God, I hoped so. “Maybe just this once? As a favor?”

He was quiet for a moment, which was a surprise.

“I really missed being your partner,” he said but didn’t look at me, and I knew that because I checked to see if he was.

“Me too,” I murmured, not turning to him. “It’s not good without you.”

He grunted, smug and self-satisfied, and I would have hit him if I’d had the energy. When I was fading in and out, Bodhi said that, much like Judy Hopps, he too needed a pen and recording device all in one. He also liked the look of the carrot one she had.

“You’re a child,” I assured him. “You have your phone for that. You can write on it and record conversations.”

“Yeah, but the carrot has pizzazz.”

I glanced at Stella, who looked as concerned as I felt.

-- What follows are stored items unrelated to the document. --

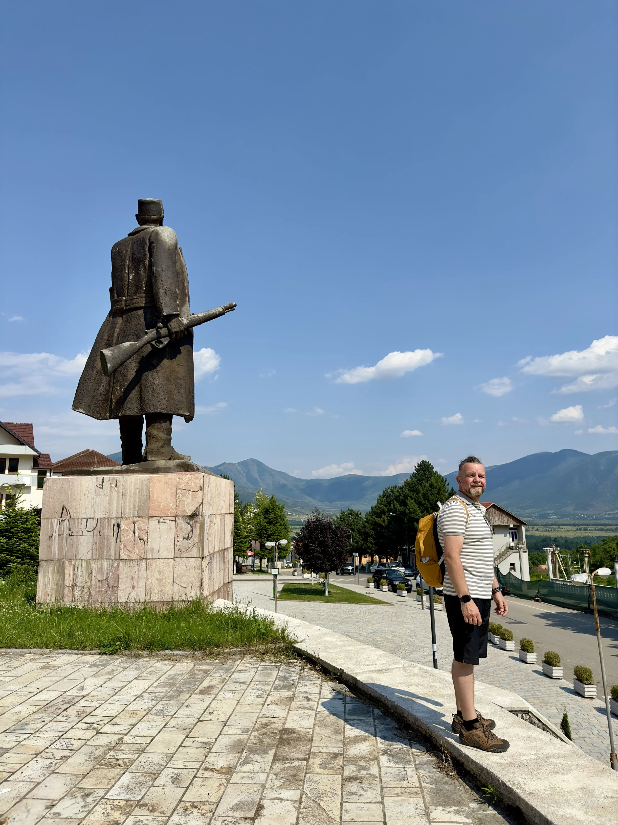 We stopped near the main square, watched over by the statue of Bajram Curri himself. He was a national hero, born in these mountains and remembered for fighting Ottoman rule and later resisting King Zog’s regime. The town carries his name, a nod to his fierce independence and tragic end. It is said that in 1925, rather than surrender, Bajram Curri took his own life in a cave near Dragobia, not far from here. His story is part of the rugged mythology of northern Albania, proud, stubborn, and bound to the mountains.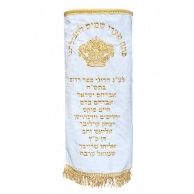 The Torah scroll is precious and valuable and is intrinsic to the identity of the Jewish People. Like a priceless diamond, it is not to be treated casually and it should certainly not be left exposed and vulnerable. Every Torah scroll that stands in the Ark is covered with a beautiful Mantle. It is removed before the Reading and returned again to cover the scroll before it is replaced in the Ark. A Mantle protects and adds beauty to the scroll and reflects our deep love and respect for the Torah.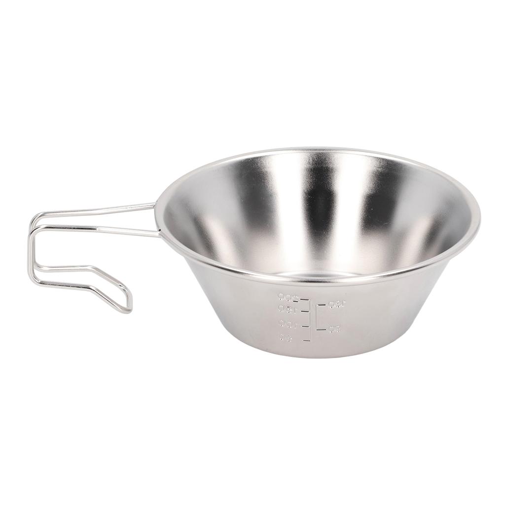 Camping Cup Bowl 304 Stainless Steel Backpacking Coffee Mug with Fixed Handle for Outdoor Picnic
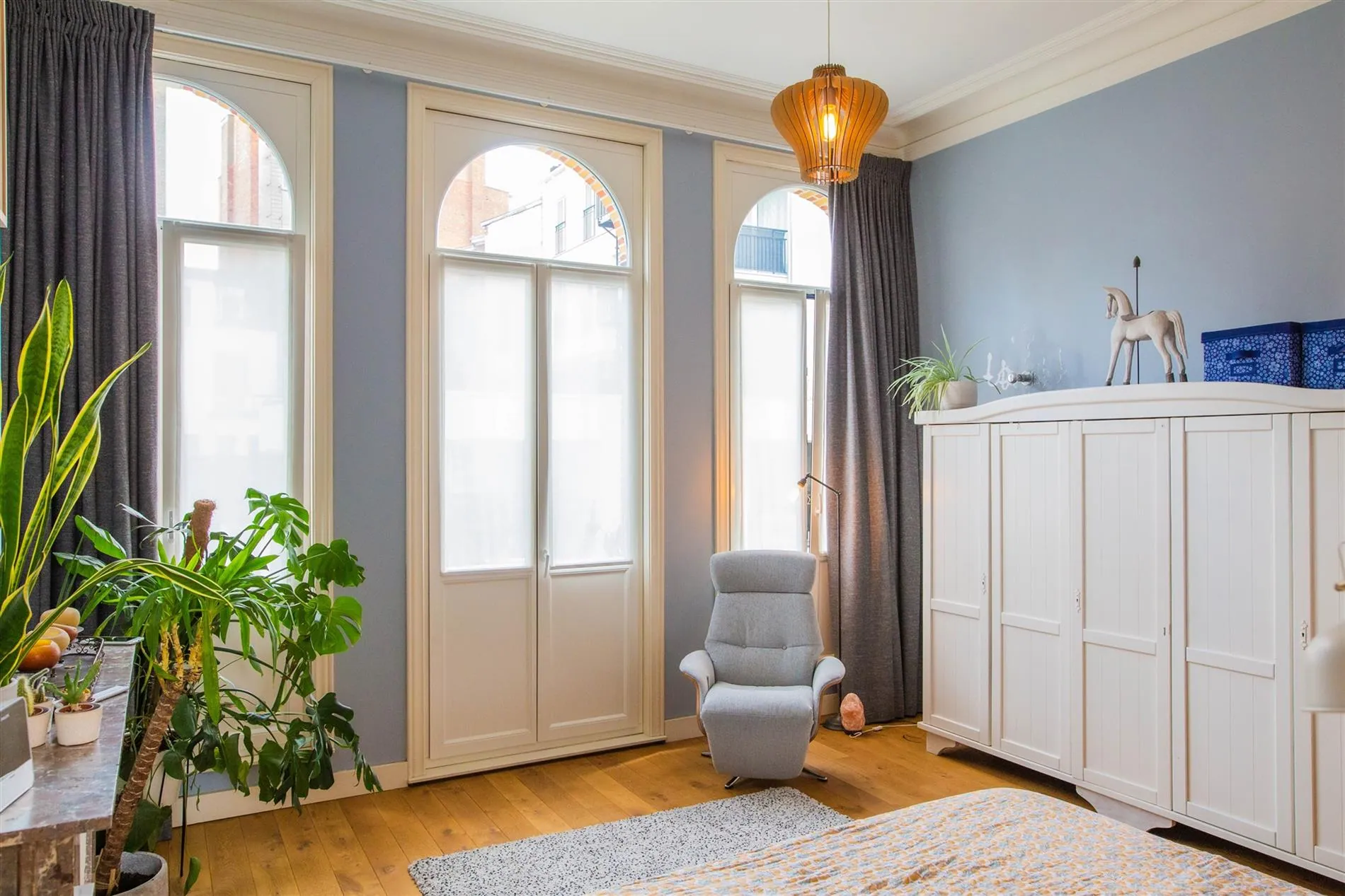 Eén verdieping hoger brengt de statige traphal je naar de master bedroom met eveneens heel wat karaktervolle, originele elementen en de tweede ruime slaapkamer (met dubbele toegang) aan de achterzijde.

The movie went on, and I fell asleep. I woke up to parents coming down and picking up dead-to-the-world children out of chairs. Stella, of course, was not asleep, and when I turned to her, she smiled at me.

“Aren’t you tired?”

She squinted at me. “Why would I be tired?”

“Mark my words, one day you’ll really want to go to bed early and take naps.”

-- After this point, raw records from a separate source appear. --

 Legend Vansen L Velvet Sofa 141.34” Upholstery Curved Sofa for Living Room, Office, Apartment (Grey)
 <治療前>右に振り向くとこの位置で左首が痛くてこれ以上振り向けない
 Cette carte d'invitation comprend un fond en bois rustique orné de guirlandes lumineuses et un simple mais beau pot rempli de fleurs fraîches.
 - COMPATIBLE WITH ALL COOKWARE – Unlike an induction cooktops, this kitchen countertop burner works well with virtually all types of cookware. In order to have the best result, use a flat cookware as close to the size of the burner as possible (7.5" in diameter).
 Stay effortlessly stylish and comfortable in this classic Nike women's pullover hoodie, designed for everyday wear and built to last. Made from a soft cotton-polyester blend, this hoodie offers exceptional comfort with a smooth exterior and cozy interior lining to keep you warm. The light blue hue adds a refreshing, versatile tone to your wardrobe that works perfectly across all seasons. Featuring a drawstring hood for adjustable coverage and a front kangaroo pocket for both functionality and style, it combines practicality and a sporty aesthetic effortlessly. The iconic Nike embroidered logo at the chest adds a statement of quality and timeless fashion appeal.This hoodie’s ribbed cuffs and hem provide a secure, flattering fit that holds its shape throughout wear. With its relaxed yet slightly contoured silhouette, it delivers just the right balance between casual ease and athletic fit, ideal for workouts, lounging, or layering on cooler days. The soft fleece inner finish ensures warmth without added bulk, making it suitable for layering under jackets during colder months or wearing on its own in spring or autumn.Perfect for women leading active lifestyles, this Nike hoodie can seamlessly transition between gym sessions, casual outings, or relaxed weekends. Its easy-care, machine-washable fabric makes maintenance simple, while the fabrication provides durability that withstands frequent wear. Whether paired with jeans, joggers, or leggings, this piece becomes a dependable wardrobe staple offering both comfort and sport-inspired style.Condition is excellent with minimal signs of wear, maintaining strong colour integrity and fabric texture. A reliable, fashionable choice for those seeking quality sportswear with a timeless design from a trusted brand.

The look I got, like I was nuts, made me smile even though I was trying to glare at her.

“This was so wonderful of you both,” Giles’s wife, Shae, said, moving my attention from Stella as she picked up her middle daughter, Tilly. “It was so nice to not have to worry and know they’re safe.”

“Well, your kid is very sweet,” I told her. “Tilly made sure the blanket covered my feet so I wouldn’t be cold.”

Her tears came fast, because really, it had been a strange day for everyone. She bent down with Tilly in her arms and kissed my forehead. Giles was behind her, carrying his youngest girl, Bedelia, and the oldest, Katherine, who liked to be called Kat.

Giles said, “Jed, I—”

“Go to bed, man. Tomorrow will be a better day.”

After a moment, he nodded and left.

I turned to Bodhi. “For the record, I don’t golf.”

He was sort of half-awake, so he just stared at me a moment. “What?”

“Apparently everyone is going golfing tomorrow, and I don’t do that.”

“So? I don’t do that either.”

“But you always expect me to go with you when you do stupid stuff.”

“Like?”

I glared at him. “Oh, I dunno, the fuh—” There were kids too close that could hear, so I amended, “The time we had to take those two guys to Lexington, Kentucky, and you thought it would be a great idea to go to Mammoth Cave after.”